EXERCISE DETAILS | In the entries below, find the line with "Placez simplement le" and the line with "We have completed", then retype both and everything between them exactly. Do not copy the pictures.

SOURCE DATA |
BEGIN

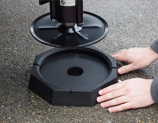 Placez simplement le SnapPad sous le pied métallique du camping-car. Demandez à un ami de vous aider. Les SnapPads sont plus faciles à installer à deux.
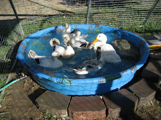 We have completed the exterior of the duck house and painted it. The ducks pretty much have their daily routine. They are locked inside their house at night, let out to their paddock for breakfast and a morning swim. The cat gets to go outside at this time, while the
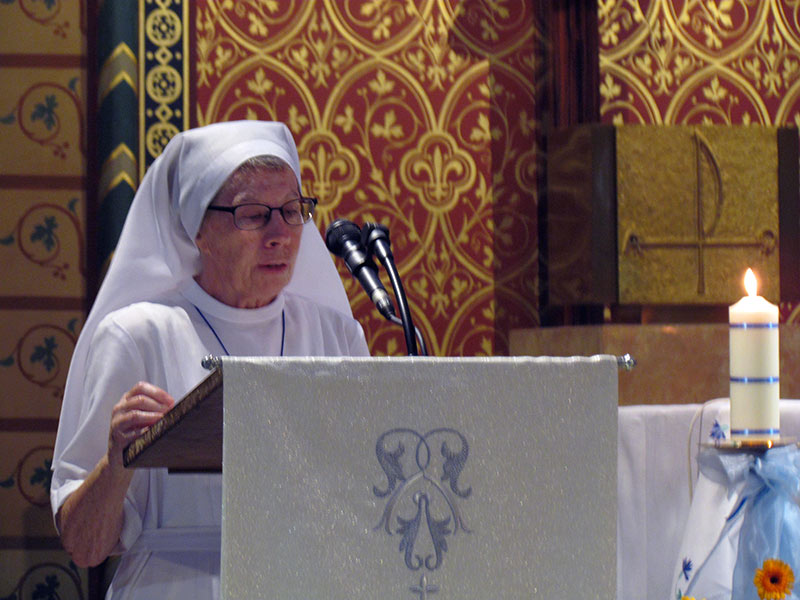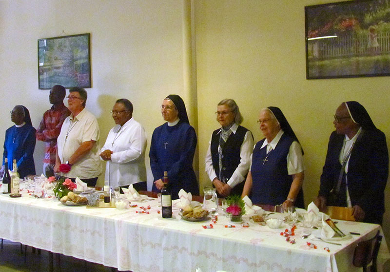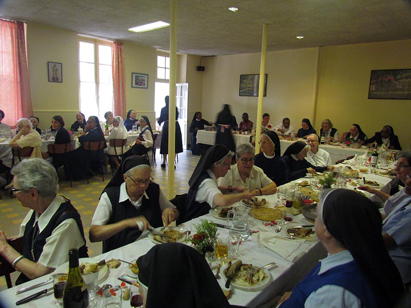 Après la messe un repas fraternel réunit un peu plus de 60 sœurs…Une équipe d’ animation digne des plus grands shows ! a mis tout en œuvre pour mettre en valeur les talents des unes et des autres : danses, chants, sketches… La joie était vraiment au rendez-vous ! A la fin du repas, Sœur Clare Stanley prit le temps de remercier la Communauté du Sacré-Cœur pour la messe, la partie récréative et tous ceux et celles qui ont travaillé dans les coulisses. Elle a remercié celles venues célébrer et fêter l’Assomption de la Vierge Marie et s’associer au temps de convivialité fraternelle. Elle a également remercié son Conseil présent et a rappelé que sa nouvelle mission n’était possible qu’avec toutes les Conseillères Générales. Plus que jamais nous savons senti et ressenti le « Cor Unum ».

END
BEGIN

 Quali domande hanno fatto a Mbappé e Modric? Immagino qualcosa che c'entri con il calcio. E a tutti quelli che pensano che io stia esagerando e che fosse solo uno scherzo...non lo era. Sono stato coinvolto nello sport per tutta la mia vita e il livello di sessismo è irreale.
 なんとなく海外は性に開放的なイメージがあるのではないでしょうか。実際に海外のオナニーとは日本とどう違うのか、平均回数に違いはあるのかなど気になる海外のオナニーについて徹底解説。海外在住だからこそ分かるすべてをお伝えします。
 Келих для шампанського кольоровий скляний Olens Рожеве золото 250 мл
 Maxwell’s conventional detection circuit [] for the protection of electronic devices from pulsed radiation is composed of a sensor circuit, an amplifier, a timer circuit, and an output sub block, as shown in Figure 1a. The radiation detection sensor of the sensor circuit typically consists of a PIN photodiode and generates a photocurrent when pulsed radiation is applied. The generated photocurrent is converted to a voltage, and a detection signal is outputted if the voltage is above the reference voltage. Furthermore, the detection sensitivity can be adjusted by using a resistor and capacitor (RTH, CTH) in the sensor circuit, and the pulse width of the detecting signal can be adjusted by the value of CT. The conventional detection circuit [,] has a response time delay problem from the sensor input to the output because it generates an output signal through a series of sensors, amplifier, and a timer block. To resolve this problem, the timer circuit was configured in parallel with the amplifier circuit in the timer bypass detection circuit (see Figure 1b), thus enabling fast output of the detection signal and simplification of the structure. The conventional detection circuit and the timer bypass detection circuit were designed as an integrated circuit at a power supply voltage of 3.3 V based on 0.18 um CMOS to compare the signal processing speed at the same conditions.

END
BEGIN

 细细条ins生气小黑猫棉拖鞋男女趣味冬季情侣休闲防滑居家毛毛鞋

END

EXERCISE OUTPUT |
 Placez simplement le SnapPad sous le pied métallique du camping-car. Demandez à un ami de vous aider. Les SnapPads sont plus faciles à installer à deux.
 We have completed the exterior of the duck house and painted it. The ducks pretty much have their daily routine. They are locked inside their house at night, let out to their paddock for breakfast and a morning swim. The cat gets to go outside at this time, while the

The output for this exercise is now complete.